In O’Brien’s production, there is no show beyond the dances. They are the intricate and entertaining meat that makes 11th Hour’s “Altar Boyz” worthwhile and allow it to be fun. All strong memories of the show tie back to Reyes. In his opening number, the choreographer shows his humor when he has the boys go into a crucifixion pose. In all ways, he supplies the sass and physicality that spark enjoyment. Reyes’s visual and choreographic jokes are better than del Aguila’s verbal ones. Laughs based on dialogue or lyrics are hard to come by. Hoyak has a good moment when it looks as if he’s going to end a song about abstinence (“Something About You”) with a comment about masturbation but pauses cannily after “master” and goes on to finish the line, “master of my own fate.” There’s a knowing chortle when one character mentions “evolution,” and the other shush him and say, in a fake comic panic, he should never utter that word.

O’Brien’s cast works hard.
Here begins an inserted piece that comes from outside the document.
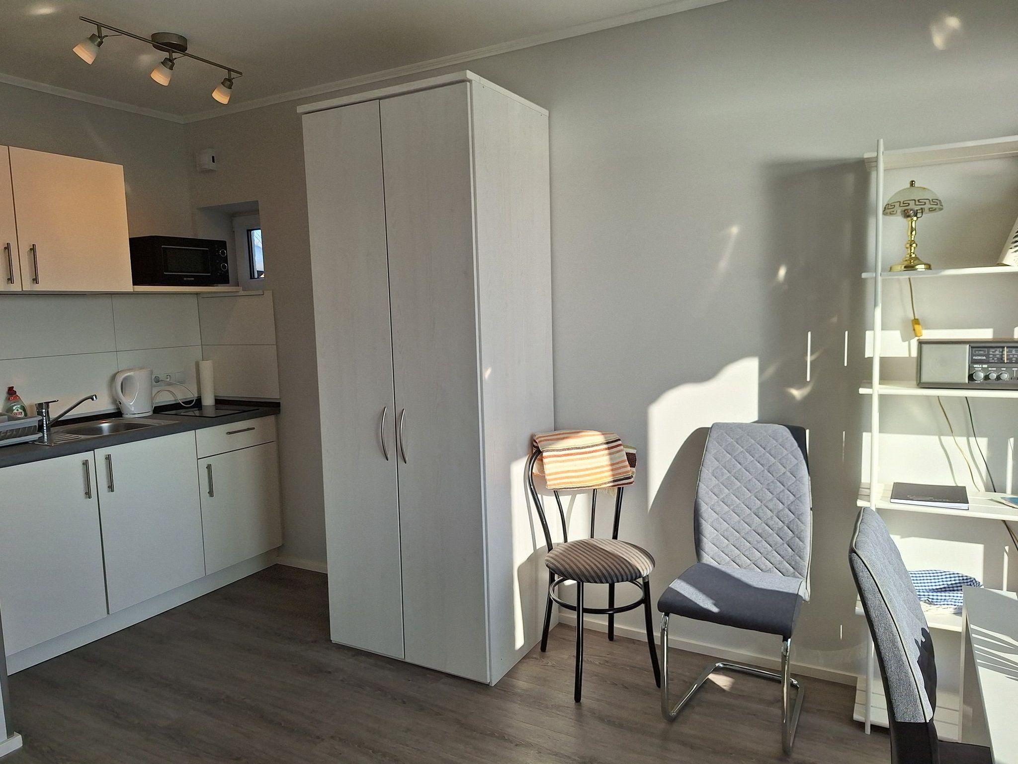 Das Appartement ist hell und mit viel Liebe zum Detail eingerichtet. Sie finden hier alles, was Ihnen Ihren Aufenthalt zu einem angenehmen Erlebnis macht. Die integrierte, neuwertige Pantry-Küche ist großzügig ausgestattet, u.a. mit Kaffeemaschine, Toaster und Mikrowelle.

Just keeping track of all of Reyes’s dance moves and surviving some of them without collapsing is an achievement. They are also amiable. Each performer is likeable and gives 100 percent as directed. There just seems to be no meat on “Altar Boyz’s” bones. By not establishing strong individual presences beyond the jokey stereotypes, no one but Hager has a a fair chance of making his character matter. That’s a shame because “Altar Boyz,” tissue thin and jerry-rigged as it is, could have some heart if we are made to care about the young men we see in front of us. That doesn’t happen. You understand Luke, Mark, Matthew, and Abraham and functionary characters but never as functioning people.

Hager’s material, especially his spoiled birthday scene, gives him more opportunity to build a solid character. Even before he receives his sad news, Juan, as played by Hager, breaks apart from the ensemble.

As I mentioned, the Spanish accent helps to differentiate him. But there’s something more. A spirit in the dance, a texture in line readings, and some injection of individual personality gives Hager an edge. He has more of a sparkle in his eye than his castmates. He isn’t playing a joke as much as portraying a character who is meant to be a joke. Hager exudes sincerity and dimension his castmates don’t strive to achieve.

That said, Adam Hoyek can be a flashy Matthew. Hoyek doesn’t show the stern leadership you might expect from Matthew, but he keeps things hopping and is an excellent centerpiece during some of Reyes’s more gymnastic and contortion-like numbers. You also believe Hoyek’s Matthew would come to Mark’s aid and ward off his tormentors.

Billy Kametz is cute when he talks about Luke’s lapses into crime and has good timing in delivering the word “exhaustion.” Nicholas Park has an affecting moment when he tells how Matthew acted as his avenging angel against the Episcopalians. Michael Linden is strong on vocals and can summon some ironic expressions as “the gefilte fish out of water,” Abraham.

John Bryant’s lighting design had a concertlike effect, especially when the stage went black and bright spotlights were trained on the audience. Maura Roche’s rainbow-lit steps, as in a Broadway revue, were a nice touch. Mark Valenzuela’s sound design was fine, but Valenzuela should come and work with the crew that controls sound on a daily basis, i.e. when Valenzuela isn’t present, to find the right volume level to make the cast audible and intelligible when they sing in ensemble. There is one instance of audience participation, but it only requires a chosen woman to sit on a chair and be serenaded, so the bit is not embarrassing or cloying.

“Altar Boyz,” produced by 11th Hour Theatre Company, runs through Sunday, June 1 at the Arts Bank, Broad and South Streets, in Philadelphia. Showtimes are 7 p.m. Thursday, 8 p.m. Friday and Saturday, and 3 p.m. Saturday and Sunday. No matinee is scheduled for Saturday, May 24. Tickets are $31 and can be obtained by calling 267-987-9865 or by going online to www.11thhourtheatrecompany.org.